- Prepare
- Artificial Intelligence
- Natural Language Processing
- Heroes and Heroines, Villains and Villainesses
Heroes and Heroines, Villains and Villainesses
Heroes and Heroines, Villains and Villainesses
Notification:
We noticed that there's suddenly been an issue in reading the corpus from the code, and we're working on fixing it. In the mean time, please download the corpus from the link provided and develop your solution locally. We will update participants when the issue is fixed.
You will be provided with a large corpus of text which contains one or more stories or snippets, which could either be present in full, summarized or in partial form. This text will contain the thoughts, actions, dialogues and interactions between various characters. It will be segmented into paragraphs which may or may not have a continuity of thought and logic between them. Your task is to create an intelligent program that guesses the gender of certain characters in this text, whose first names will be specified to you.
There might be multiple characters who share the same first-name. If a test contains such a name, all such characters will share the same gender.
Text Corpus
This file corpus.txt needs to be read by your program.
Input Format
The first line is an integer N. This is the number of characters from this text, for whom you need to detect the gender.
This is followed by the first names of N people, from the corpus text, each on a new line.
Constraints and Nature of the Corpus
As mentioned previously, it will be segmented into paragraphs which may or may not have a continuity of thought and logic between them.
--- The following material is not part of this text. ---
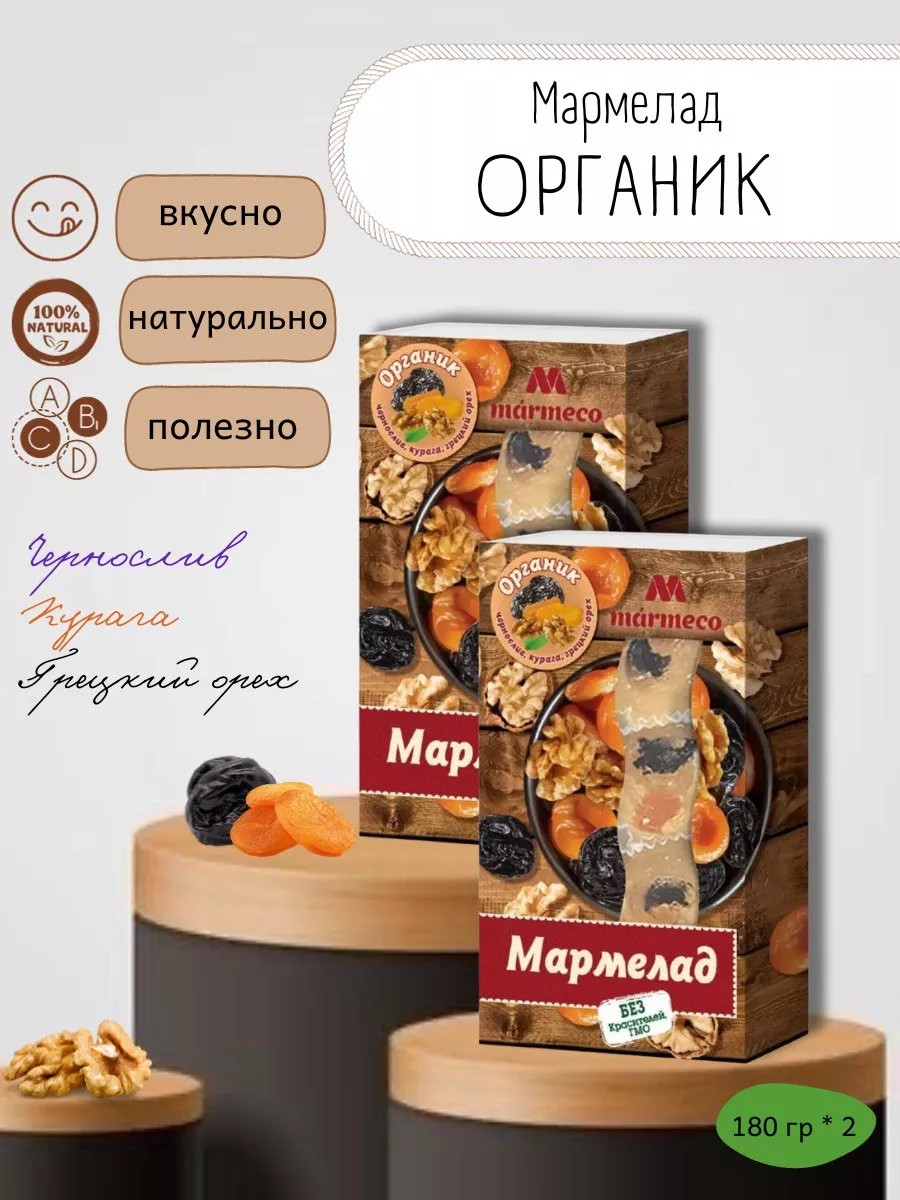 Мы используем мед, грецкий орех, курагу, чернослив, которые дарят мармеладу неповторимый вкус и насыщают его ценными микроэлементами. Деликатная обработка компонентов сохраняет их полезные свойства, что делает этот мармелад не только вкусным, но и полезным. Наш мармелад обогащен пектином, который способствует нормализации обмена веществ и улучшает работу ЖКТ. При этом он не вредит фигуре и даже рекомендован при диете. Органический мармелад "Органик" - это уникальное сочетание вкуса и полезных свойств. Он подарит вам нежное удовольствие, и важно отметить, что это натуральный мармелад.

You do not need to code defensively for obscure or ambiguous cases. Tests will be set in such a way that the genders of the characters will be reasonably direct and simple, for a human reader of the text to infer, based on the few sentences before or after the position where that name occurs in the text.
Text has been taken from sources such as project Gutenberg, Wikipedia and publicly available news snippets, biographies and stories. To replicate the difficulty of dealing with much of the text available on the web, parts of it might be somewhat unstructured, and there might even be a small percentage of text which is not in English.
Number of Lines in Corpus = 65443
Number of Tests(N) will be such that 1<=N<=100.
Tests will contain first names, where only the first letter is capitalized. Names will only be from the sections of the corpus which are in English.
Output Format
N lines. Each line contains just one word: Male or Female. The i-th line contains the gender detected for the i-th first-name in the tests.
Corpus
The corpus will be provided to you here.
Your program can read in the provided corpus by assuming that the file "corpus.txt" lies in the current folder of your program.
Example Input
3
John
Sherlock
Mary
Example Output
Male
Male
Female
Explanation and a few hints
On reading the text, if we need to infer the gender of John, we find several portions of the text which provide us with sufficient hints to figure out the gender with reasonable accuracy.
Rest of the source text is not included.